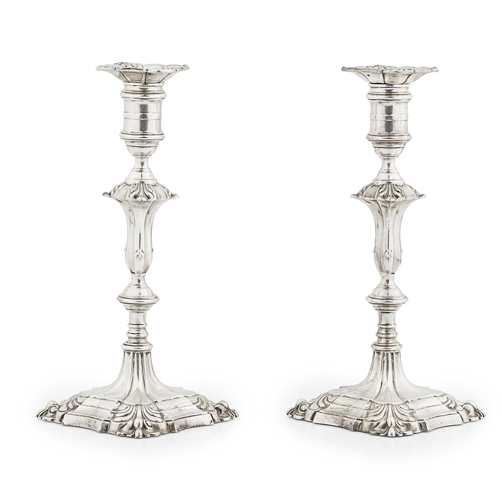 Hamilton & Inches, Edinburgh 1920, knopped baluster stem, stepped square base with leaf clasped corners, the removable sconce similarly decorated (loaded) (2)
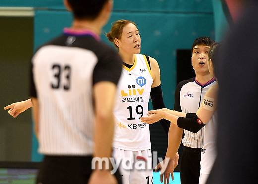[마이데일리 = 부천 유진형 기자] KB스타즈 박지수가 15일 오후 경기도 부천실내체육관에서 진행된 'KB국민은행 Liiv M 2020-2021 여자프로농구' 하나원큐와 KB스타즈의 경기에서 주심에게 항의하고 있다.
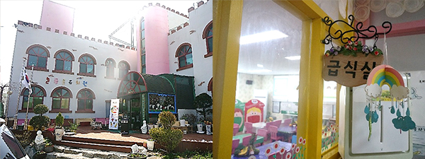 유치원 건물이 보였어요. 2층에 있는 넓은 급식실에 모두 모여서 수업을 진행하기로 했어요. 오늘은 어떤 친구들을 만날지
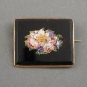 Rechthoekige zwart stenen broche met micromozaïek van boeket in 14kt gouden montuur, brutogewicht 22,6 gram, 4,2 × 3,5 cm -kleine defecten-
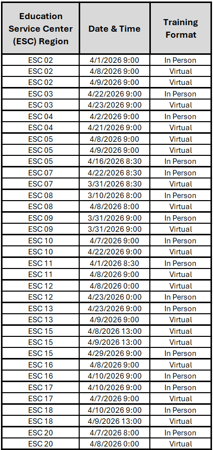 In-Person SFSP Training hosted by each Education Service Center on the dates below. Find your ESC Region.
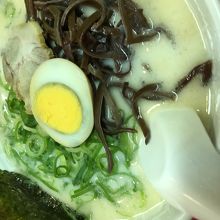 ラーメン500円で、替え玉一つ無料です。注文してからすぐ出てきます。具はチャーシュー、きくらげ、ネギ、卵半分と、500円とは思えないほど具沢山です。場所は新宿西口から少し離れていますので、注意が必要です。
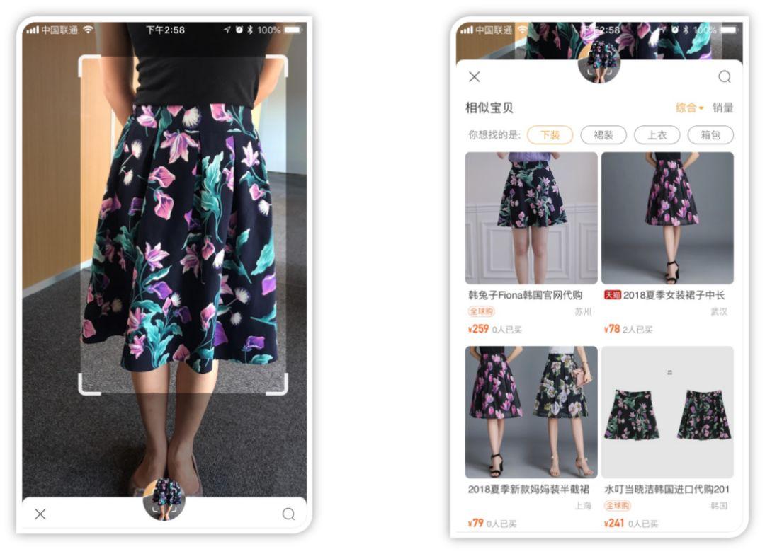 这里列举一个图像搜索的例子:拍立淘。拍立淘是手机淘宝的一个应用,主要通过图片来代替文字进行搜索,以帮助用户搜索无法用简单文字描述的需求。

- - -

Your assignment: Give the lines from the one containing "[마이데일리 = 부천" through the final line of the material again, exactly and in full, but without pictures.

Written response:
[마이데일리 = 부천 유진형 기자] KB스타즈 박지수가 15일 오후 경기도 부천실내체육관에서 진행된 'KB국민은행 Liiv M 2020-2021 여자프로농구' 하나원큐와 KB스타즈의 경기에서 주심에게 항의하고 있다.
 유치원 건물이 보였어요. 2층에 있는 넓은 급식실에 모두 모여서 수업을 진행하기로 했어요. 오늘은 어떤 친구들을 만날지
 Rechthoekige zwart stenen broche met micromozaïek van boeket in 14kt gouden montuur, brutogewicht 22,6 gram, 4,2 × 3,5 cm -kleine defecten-
 In-Person SFSP Training hosted by each Education Service Center on the dates below. Find your ESC Region.
 ラーメン500円で、替え玉一つ無料です。注文してからすぐ出てきます。具はチャーシュー、きくらげ、ネギ、卵半分と、500円とは思えないほど具沢山です。場所は新宿西口から少し離れていますので、注意が必要です。
 这里列举一个图像搜索的例子:拍立淘。拍立淘是手机淘宝的一个应用,主要通过图片来代替文字进行搜索,以帮助用户搜索无法用简单文字描述的需求。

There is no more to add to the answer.